→ **Directions**: Write the listing out again word for word, skipping each picture.

→ **Source material**:

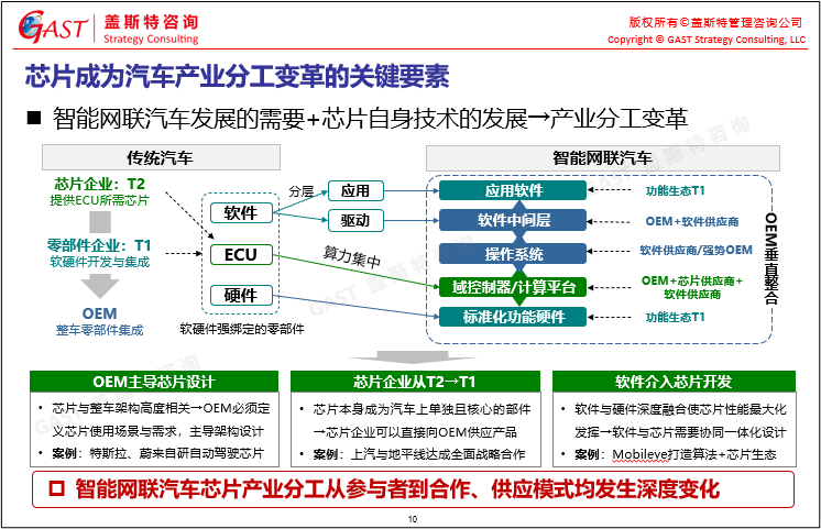 芯片成為汽車(chē)產(chǎn)業(yè)分工變革的關(guān)鍵要素:智能網(wǎng)聯(lián)汽車(chē)發(fā)展的需要+芯片自身技術(shù)的發(fā)展,使得智能網(wǎng)聯(lián)汽車(chē)芯片產(chǎn)業(yè)分工從參與者到合作、供應(yīng)模式均發(fā)生深度變化。
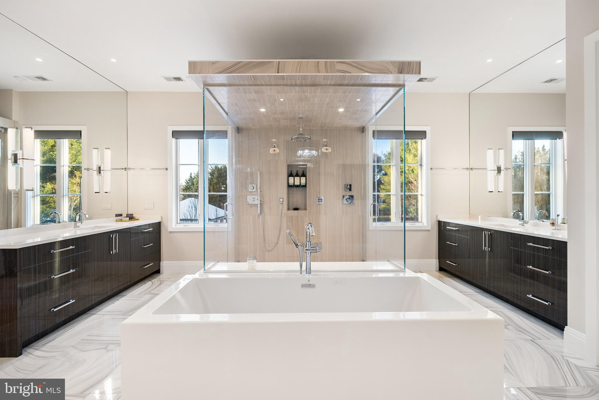 Sited on a tree-lined street in the Avenel Community of Bethesda, this exceptional renovated estate epitomizes modern luxury and refined elegance. Boasting 6 bedrooms, 9.5 bathrooms, and approximately 14,900 SF of exquisitely designed living space across 4 levels, serviced by an elevator for effortless convenience. The Main Level welcomes you through a grand vestibule and foyer, flanked by a formal Dining Room and Living Room. A two-sided gas fireplace divides the Living Room and an inviting Study, ideal for work or relaxation. A Gourmet Kitchen, complete with a Breakfast Room, that seamlessly flows into a spacious Family Room adorned with tray ceilings and a wet bar, and complete with a separate wine bar and pantry provides the perfect amenities for entertaining and everyday living. The Family Room opens to a covered terrace and rear patio featuring a swimming pool, hot tub, fire pit area, and tennis court, creating an unparalleled outdoor oasis. An attached 4-car garage with direct access to a Mudroom, a Playroom, 2 walk-in closets, a full Bathroom and a half Bathroom complete this level’s offerings. The Upper Level is anchored by a luxurious Primary Suite with two expansive walk-in closets, a spa-like bathroom, and access to a connecting balcony with a pergola. Four additional ensuite Bedrooms, each with walk-in closets and private bathrooms, provide comfort and privacy for family and guests alike. A Laundry Room and elevator add convenience to everyday living. The Lower Level offers an entertainer’s dream with a large Recreation Room featuring a wet bar, an Exercise Room, a 6th Bedroom Suite, an additional Bathroom, a Storage Room, Utility Space, and access to the elevator. Stairs from the Lower-Level lead to a dedicated indoor full-sized sports court, complemented by additional storage rooms, making it ideal for year-round activities and recreational pursuits. From its exquisite indoor spaces to its resort-like outdoor amenities, this Bethesda estate offers an unparalleled lifestyle in proximity to the area’s revered dining, retail, and entertainment. Zoned for Carderock Springs ES, Thomas W. Pyle MS, and Walt Whitman HS.
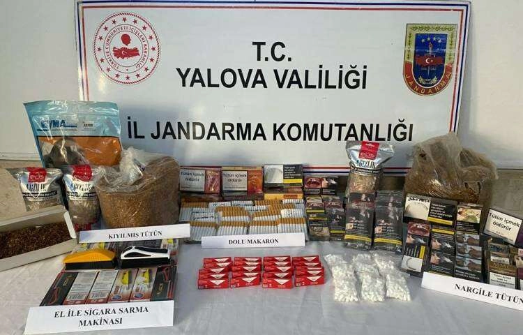 Yalova Jandarma Komutanlığı ekipleri kendi sorumluluk alanlarında kalan bölgelerde suçla ve suçlularla mücadeleyi sürdürüyor. Bu kapsamda yapılan çalışmalar neticesinde ilde çok sayıda uyuşturucu madde ile kaçak tütün ve makaron ele geçirildi. Yalova Jandarma Komutanlığı tarafından yapılan açıklamada, “Yalova İl Jandarma Komutanlığınca 2022 yılı Nisan ayı içerisinde Uyuşturucu, Kaçakçılık, Göç ve Siber Olaylarına yönelik yapılan operasyonlar sonucu; 443 gr uyuşturucu ve uyarıcı madde, 205 kök kenevir, 19 kg açık tütün, 191 bin 472 adet makaron, 27 kg nargile kömürü, 18 kg nargile tütünü, 1 adet av tüfeği ve 1 adet kurusıkı tabanca ele geçirildi. Bu olaylara karıştığı tespit edilen 15’i yabancı uyruklu, 90 şahsa adli ve idari işlem yapılırken, 15 yabancı şahıs ise Yalova İl Göç İdaresi Müdürlüğüne teslim edildi. Yalova İl Jandarma Komutanlığı başta uyuşturucu madde, kaçakçılık ve organize suçlar olmak üzere tüm suç ve suçlularla mücadeleye kararlılıkla devam edecektir” denildi.
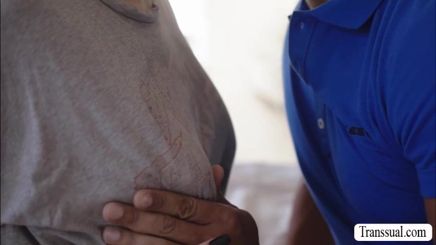 Black stepbro enters the room of his shemale stepsister while shes changing clothes.After that,they start kissing each other on the bed and he lets her throat his big black cock passionately.In return,he fucks her wet tight ass so deep and hard.

→ **Exercise solution**:
 芯片成為汽車(chē)產(chǎn)業(yè)分工變革的關(guān)鍵要素:智能網(wǎng)聯(lián)汽車(chē)發(fā)展的需要+芯片自身技術(shù)的發(fā)展,使得智能網(wǎng)聯(lián)汽車(chē)芯片產(chǎn)業(yè)分工從參與者到合作、供應(yīng)模式均發(fā)生深度變化。
 Sited on a tree-lined street in the Avenel Community of Bethesda, this exceptional renovated estate epitomizes modern luxury and refined elegance. Boasting 6 bedrooms, 9.5 bathrooms, and approximately 14,900 SF of exquisitely designed living space across 4 levels, serviced by an elevator for effortless convenience. The Main Level welcomes you through a grand vestibule and foyer, flanked by a formal Dining Room and Living Room. A two-sided gas fireplace divides the Living Room and an inviting Study, ideal for work or relaxation. A Gourmet Kitchen, complete with a Breakfast Room, that seamlessly flows into a spacious Family Room adorned with tray ceilings and a wet bar, and complete with a separate wine bar and pantry provides the perfect amenities for entertaining and everyday living. The Family Room opens to a covered terrace and rear patio featuring a swimming pool, hot tub, fire pit area, and tennis court, creating an unparalleled outdoor oasis. An attached 4-car garage with direct access to a Mudroom, a Playroom, 2 walk-in closets, a full Bathroom and a half Bathroom complete this level’s offerings. The Upper Level is anchored by a luxurious Primary Suite with two expansive walk-in closets, a spa-like bathroom, and access to a connecting balcony with a pergola. Four additional ensuite Bedrooms, each with walk-in closets and private bathrooms, provide comfort and privacy for family and guests alike. A Laundry Room and elevator add convenience to everyday living. The Lower Level offers an entertainer’s dream with a large Recreation Room featuring a wet bar, an Exercise Room, a 6th Bedroom Suite, an additional Bathroom, a Storage Room, Utility Space, and access to the elevator. Stairs from the Lower-Level lead to a dedicated indoor full-sized sports court, complemented by additional storage rooms, making it ideal for year-round activities and recreational pursuits. From its exquisite indoor spaces to its resort-like outdoor amenities, this Bethesda estate offers an unparalleled lifestyle in proximity to the area’s revered dining, retail, and entertainment. Zoned for Carderock Springs ES, Thomas W. Pyle MS, and Walt Whitman HS.
 Yalova Jandarma Komutanlığı ekipleri kendi sorumluluk alanlarında kalan bölgelerde suçla ve suçlularla mücadeleyi sürdürüyor. Bu kapsamda yapılan çalışmalar neticesinde ilde çok sayıda uyuşturucu madde ile kaçak tütün ve makaron ele geçirildi. Yalova Jandarma Komutanlığı tarafından yapılan açıklamada, “Yalova İl Jandarma Komutanlığınca 2022 yılı Nisan ayı içerisinde Uyuşturucu, Kaçakçılık, Göç ve Siber Olaylarına yönelik yapılan operasyonlar sonucu; 443 gr uyuşturucu ve uyarıcı madde, 205 kök kenevir, 19 kg açık tütün, 191 bin 472 adet makaron, 27 kg nargile kömürü, 18 kg nargile tütünü, 1 adet av tüfeği ve 1 adet kurusıkı tabanca ele geçirildi. Bu olaylara karıştığı tespit edilen 15’i yabancı uyruklu, 90 şahsa adli ve idari işlem yapılırken, 15 yabancı şahıs ise Yalova İl Göç İdaresi Müdürlüğüne teslim edildi. Yalova İl Jandarma Komutanlığı başta uyuşturucu madde, kaçakçılık ve organize suçlar olmak üzere tüm suç ve suçlularla mücadeleye kararlılıkla devam edecektir” denildi.
 Black stepbro enters the room of his shemale stepsister while shes changing clothes.After that,they start kissing each other on the bed and he lets her throat his big black cock passionately.In return,he fucks her wet tight ass so deep and hard.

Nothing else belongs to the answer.